To avoid an accident, a driver with a mass of 60 kg applies his brakes and decelerates from 30 m/s to 1 m/s in 2 seconds. How much force was absorbed by his seat belt?

To solve this problem, we need to use the second law of motion, which states that the force exerted on an object is equal to the mass of the object multiplied by the acceleration of the object.

Step 1: Calculate the change in velocity The initial velocity (v1) is 30 m/s and the final velocity (v2) is 1 m/s. The change in velocity (Δv) is v2 - v1 = 1 m/s - 30 m/s = -29 m/s.

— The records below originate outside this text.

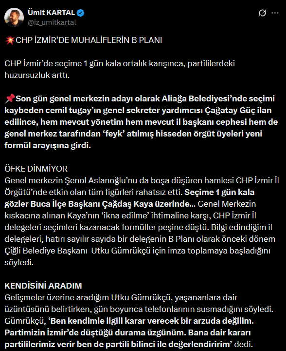 CHP İzmir’de yaklaşan il kongresi öncesi parti içerisindeki huzursuzluk giderek artıyor. Genel merkezin, Aliağa Belediyesi’nde seçimi kaybeden Cemil Tugay’ın genel sekreter yardımcısı olarak Çağatay Güç’ü aday göstermesi, mevcut yönetim ve il başkanlığı cephesinde rahatsızlık yarattı. İz Gazete Genel Yayın Yönetmeni Ümit Kartal, sosyal medya hesabından dikkat çeken bir paylaşım yaptı. Parti tabanında ‘feyk’ atıldığı hissiyle başlayan huzursuzluk, kongreye 1 gün kala muhaliflerin önceki dönem Çiğli Belediye Başkanı Utku Gümrükçü için imza toplamaya başlamasıyla yeni bir boyut kazandı. Utku Gümrükçü ise gelişmeler karşısında üzüntüsünü dile getirirken, kararın partililere ait olduğunu vurguladı.
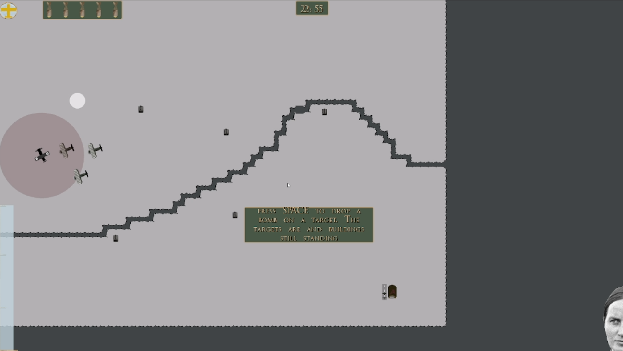 Very cool concept and well-made! I had a hard time distinguishing which plane was the “main” one that I should use to target, but overall, once I got the hang of the tutorial, moving to the main game was daunting and interesting! I found the controls a bit confusing at first, but I got there eventually. I’m not sure if the UI got cut or not, but this side-eye was amazing to have on the side! Made me chuckle here and there.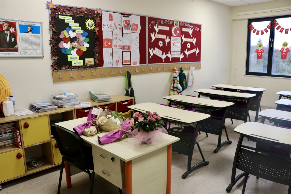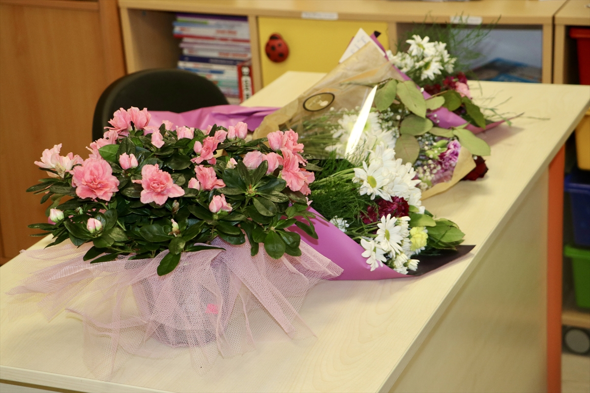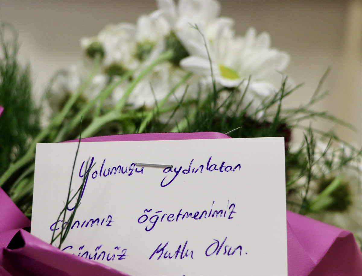 Öğrencileri, öğretmenlerinin 24 Kasım Öğretmenler Günü'nü kutlamak için getirdikleri çiçekleri Hatice öğretmenin boş masasına bıraktı.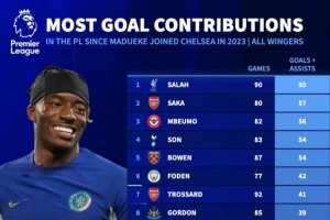 德转列马杜埃凯加盟蓝军后英超边锋同期直接参与进球榜:

Step 2: Calculate the acceleration Acceleration (a) is the change in velocity divided by the time it takes for the change to occur. In this case, the time (t) is 2 seconds. So, a = Δv / t = -29 m/s / 2 s = -14.5 m/s². The negative sign indicates that this is a deceleration.

Step 3: Calculate the force The force (F) is the mass (m) of the driver times the acceleration. So, F = m * a = 60 kg * -14.5 m/s² = -870 N. The negative sign indicates that the force is acting in the opposite direction of the motion.

Step 4: Calculate the force absorbed by the seat belt The force absorbed by the seat belt is equal to the force exerted on the driver, but in the opposite direction. So, the force absorbed by the seat belt is 870 N.